A delegation from Africa50, led by the Managing Director, Head of Project Development, Koffi Klousseh, joined Senegal’s Minister of Petroleum and Energy Aissatou Sophie Gladima, for a high-level visit to the Malicounda Power Plant project site in Senegal.
The Minister congratulated Africa50 and its partners for the quality of work and the progress so far on the project which has reached a 70% completion rate, despite constraints posed by the Covid-19 pandemic.
Malicounda is a 120 MW combined cycle thermal power plant under construction 85 kilometres from Dakar, designed to produce at least 956 GWh of power a year. It will initially run on fuel oil but is expected to be converted to natural gas when this becomes available from local fields.
In March 2021, Africa50 announced that it had secured an FCFA 50 billion (€75 million) bridge loan arranged by Oragroup, the holding company of pan-African banking group Orabank, through a syndication involving Orabank Group’s partners banks operating in the West African Economic and Monetary Union Zone (WAEMU).
This bridge loan is helping to complete the construction of the project. The project shareholders are Melec Powergen (MPG), Africa50, and Senegal’s national utility, Senelec.
About the Malicounda power plant project
The project’s total cost is estimated at FCFA 100 billion (€150 million). Construction started in October 2019 with all-equity financing, to accelerate implementation, in anticipation of raising senior debt financing later on.
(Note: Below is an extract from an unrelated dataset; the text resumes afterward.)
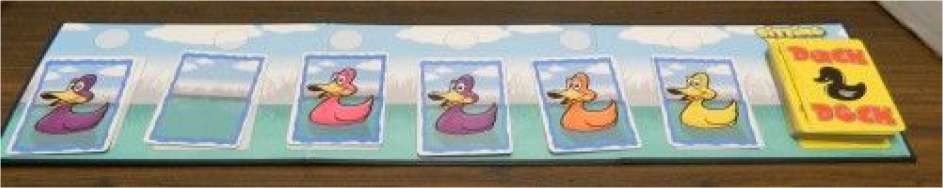 Line Forward: Move each duck card forward one space. The duck at the front of the line is removed from the board and placed at the bottom of the duck pile. The top card from the duck pile is put in the last spot of the duck line.

Developed within the framework of Senegal’s national power sector strategic plan, the Malicounda plant is expected to produce more than 956 GWh of energy a year. The electricity generated will be sold under a 20-year power purchase agreement with Senelec and is expected to increase the country’s power generation capacity by about 17%, while reducing generation costs by about 14%.
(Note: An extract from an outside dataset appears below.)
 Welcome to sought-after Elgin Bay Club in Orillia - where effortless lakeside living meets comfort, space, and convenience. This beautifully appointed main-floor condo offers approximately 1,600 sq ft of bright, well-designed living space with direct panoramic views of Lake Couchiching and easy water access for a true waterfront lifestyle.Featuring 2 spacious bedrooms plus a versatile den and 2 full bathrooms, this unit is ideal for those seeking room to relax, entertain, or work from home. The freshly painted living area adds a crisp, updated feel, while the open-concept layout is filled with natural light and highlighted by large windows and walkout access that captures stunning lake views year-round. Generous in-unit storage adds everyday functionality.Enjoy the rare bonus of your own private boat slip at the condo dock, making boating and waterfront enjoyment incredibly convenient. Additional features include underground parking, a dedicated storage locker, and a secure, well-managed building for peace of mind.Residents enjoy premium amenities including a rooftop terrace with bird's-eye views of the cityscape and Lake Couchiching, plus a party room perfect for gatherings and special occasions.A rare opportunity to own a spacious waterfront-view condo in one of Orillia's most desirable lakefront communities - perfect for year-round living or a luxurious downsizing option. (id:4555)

The plant uses more fuel-efficient and environment-friendly technologies compared to older open-cycle plants. The plant is also convertible and will use natural gas once this becomes available from local fields, shifting Senegal’s energy mix from diesel to cleaner fuel.
The project has created up to 150 direct jobs while the additional energy produced is expected to increase production in the country, potentially adding up to 76,000 jobs in the long run. Construction is expected to be completed by the end of 2021.